Sebuah tayangan video yang sedang viral saat ini menjadi sorotan media ini di Kota Batam. Pasalnya, video berdurasi 2 menit 45 detik tersebut beredar di beberapa grup WhatsApp pada Kamis (10/04).
Viralnya video tersebut saat Wali Kota Batam sekaligus Kepala BP Batam, Amsakar Achmad bersama Wakilnya Li Claudia Chandra tengah menyidak salah satu lokasi proyek pembangunan, yang diduga tidak ada izin cut and fil.
Di video tersebut, seseorang yang dikenal sebagai aktivis di Kota Batam itu sedang berdialog dengan Kepala BP Batam, Amsakar Achmad bersama Wakilnya Li Claudia Chandra, ia bernama Yusril Koto (YK). Dalam isinya, YK diduga tengah menghina profesi jurnalis/wartawan atau mengarah fitnah.
“Saya humas di sini, terlalu banyak wartawan yang mengganggu-mengganggu. Ujung-ujungnya minta duit,” ujar Yusril Koto dalam video tersebut.
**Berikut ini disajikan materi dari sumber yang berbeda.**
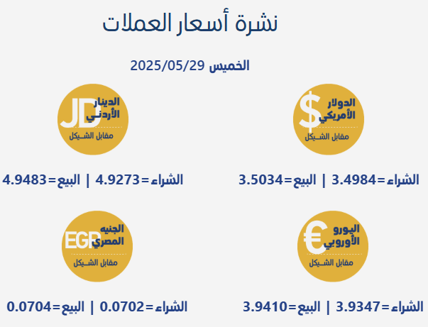 رام الله- الحياة الجديدة- جاءت أسعار صرف العملات مقابل الشيقل، اليوم الخميس، بحسب سلطة النقد الفلسطينية، على النحو التالي:

Diketahui, proyek cut and fill itu milik PT Bintan Jaya Husada yang berada di wilayah Botania I, Kelurahan Belian. BP Batam menilai bahwa aktivitas perusahaan berjalan tanpa mengantongi izin resmi sesuai dengan regulasi yang berlaku, sehingga pekerjaannya dihentikan untuk sementara.